Movie Review- The Texas Chainsaw Massacre

Hi Folks,

 

 

I wanted to get this out today before I take a machete to the face, Wall Cat assures me it’s painless though I’m not really clear on how he’d know.

exit polls from my last dinner party

 

Anyway:

 

 

WELCOME TO SHOCKTOBER!

 

 

 

Since I have apparently instilled Machiavelli style fear into your puny blog reading hearts and no one had the cajones to tell me I was wrong;  we are sticking to the original Shocktober film schedule and since it was supposed to be Saturday we’re kicking off with a gory, notorious, classic Slasher a little film called-

 

The Texas Chainsaw Massacre

 

We are going to take a moment here to be clear on something, I’m kind of working with the assumption this month that you’ve already watched most of the movies we’ll be talking about so y’know: spoilers spoil things.

 

so do machetes to the face

 

Anyway as I was saying:

 

The Texas Chainsaw Massacre

 

Fast Facts:

 

Made in 1974, directed by Tobe Hooper The Texas Chainsaw Massacre is presented as a reenactment of real events.

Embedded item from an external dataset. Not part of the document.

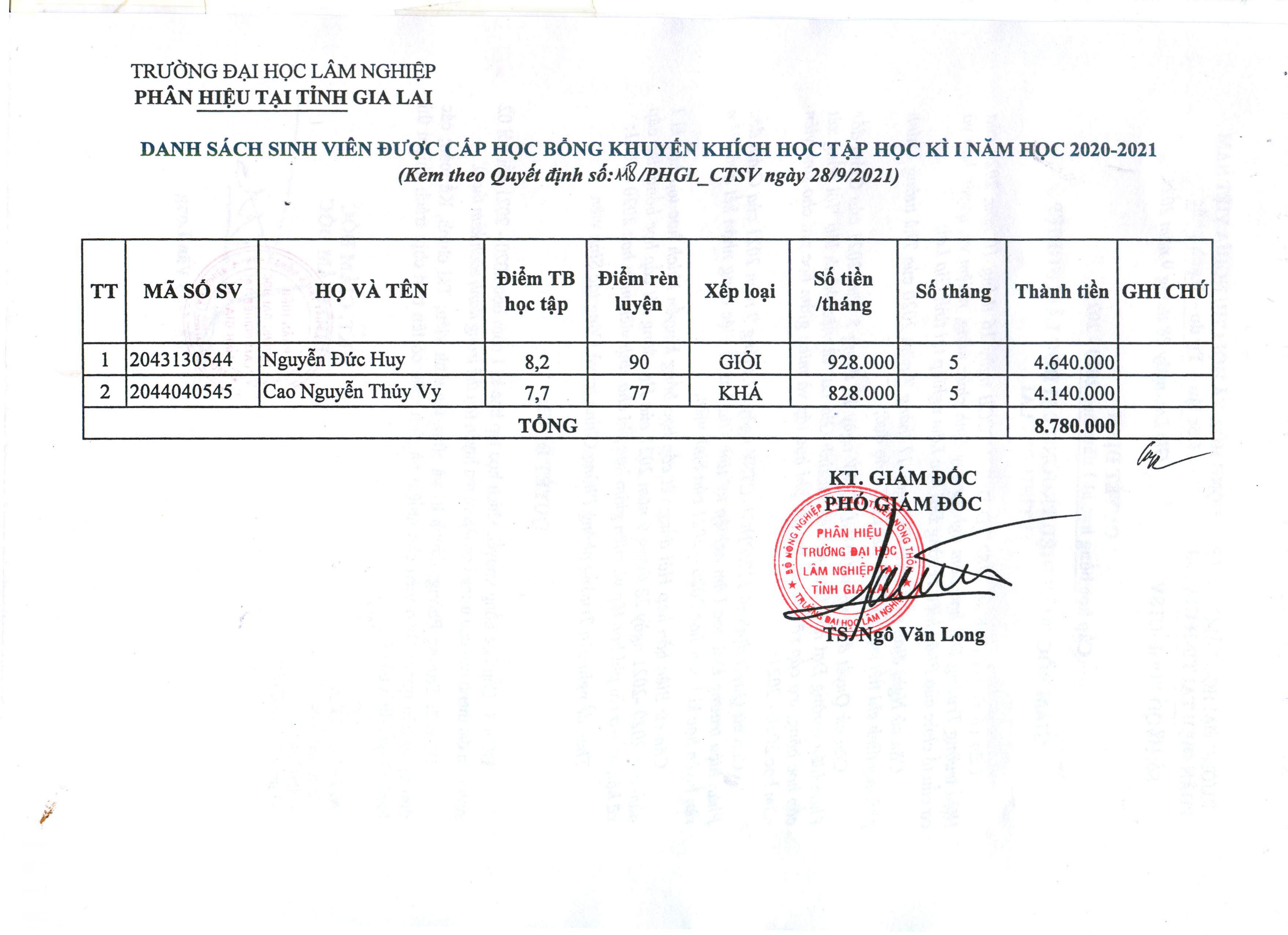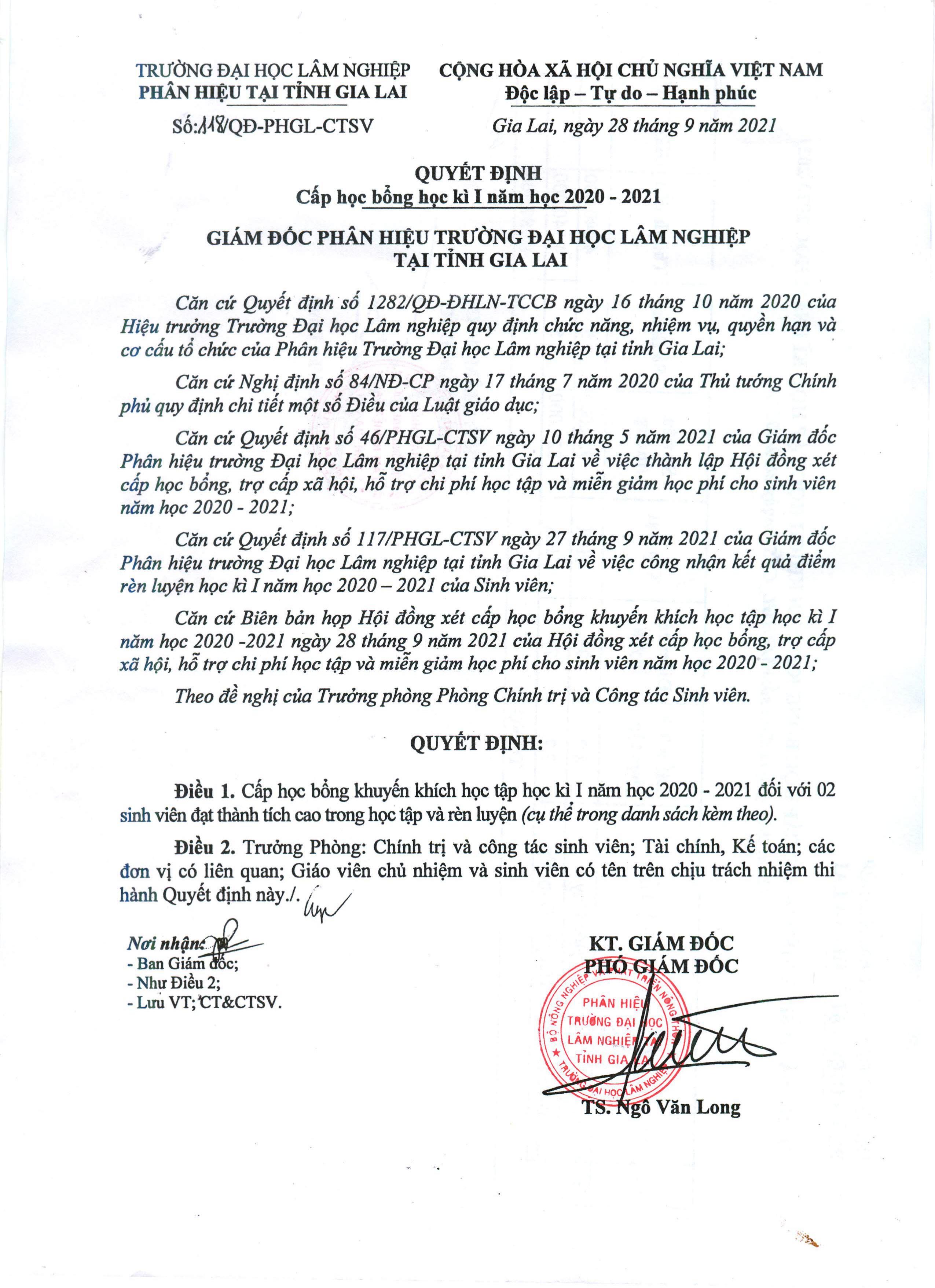 Quyết định Cấp học bổng học kì I năm học 2020-2021

It was made for virtually nothing, and has been banned in its uncut version in several countries on and off as recently as a decade ago.

 

It’s about five friends, who upon hearing about a spate of recent grave-robbing, drive into bumblefuck Texas to make sure one of their grandfathers is still undisturbed. On the way back they stumble into the clutches of the deranged family of cannibals that are responsible for the graverobbing…and a whole lot worse.

 

I'm a threat to the american family

 

Cast:

 

Marilyn Burns- Plays Sally, our Final Girl and indisputable martyr of the film; suffering a host of very real injuries during filming, including a twisted ankle after ACTUALLY jumping through a second story (candy glass) window.

 

This is how you'd feel too if Hooper was directing you

Allen Danziger- Plays Jerry, Sally’s boyfriend who is hands down the least interesting character in the entire movie. About the only unique thing he brings to the film is making me wonder what the New York Jew is doing down there as he’s the only cast member who doesn’t even attempt the accent.

 

Paul A. Partain- Plays Franklin: Sally’s wheelchair bound brother, who’s tagging along on the excursion in order to be extremely irritating and give us plenty of relevant background information about the various methods of killing cattle.

 

god i hate you

William Vail- Plays Kirk, singularly notable for being the first kill and more than a little stupid.

 

Teri McMinn- Plays Pam, Kirk’s girlfriend, astrology enthusiast and the best kill in the movie.

 

Not that it would have mattered: but next time your shirt should probably have a back

Edwin Neal-Plays the Hitchhiker a member of the family of cannibals and a disturbing motherfucker. Neal does and amazing job making the audience uncomfortable.

 

Looks like quite the charmer doesn't he?

Jim Seidow- Plays the Old Man, the patriarch of said family of cannibals and the most normal which is relative but still saying something.

 

Gunnar Hansen- Plays Leatherface. Nuff’ said.

 

The tie totally makes it

Observations

 

“The film which you are about to see is an account of the tragedy which befell a group of five youths, in particular Sally Hardesty and her invalid brother, Franklin. It is all the more tragic in that they were young. But, had they lived very, very long lives, they could not have expected nor would they have wished to see as much of the mad and macabre as they were to see that day. For them an idyllic summer afternoon drive became a nightmare. The events of that day were to lead to the discovery of one of the most bizarre crimes in the annals of American history, The Texas Chain Saw Massacre. “

 

This is the opening text for the film, the lead in for the re-enactment. This is fortunately the only allusion to the ‘docudrama’ set up, it sets up the film nicely but doesn’t intrude upon the events of the film itself. There’s something special about the way this movie opens that gets me excited every time I watch it. There isn’t any music, just shrill rhythmic flash bulb sound effects that set the tone for the harsh, matter of fact way this film proceeds.

Yeah...you're fucked

Despite the bans, the title and fearsome reputation TCM has made for itself; there isn’t all that much gore by modern standards and in truth a rather low body count by the same. Most of the more grisly visuals are of long dead corpses or bones most of which aren’t human.

 

There are three very good kills in TCM.

 

  1. Kirk- The first kill of the movie isn’t particularly complicated. He gets bashed over the head by Leatherface with a sledgehammer. It’s the lead up to it that distinguishes it. This is the first time we see the killer and it’s done in dramatic fashion, Kirk stumbling up the ramp falls to all fours and we see his POV in a pan up the front of Leatherface.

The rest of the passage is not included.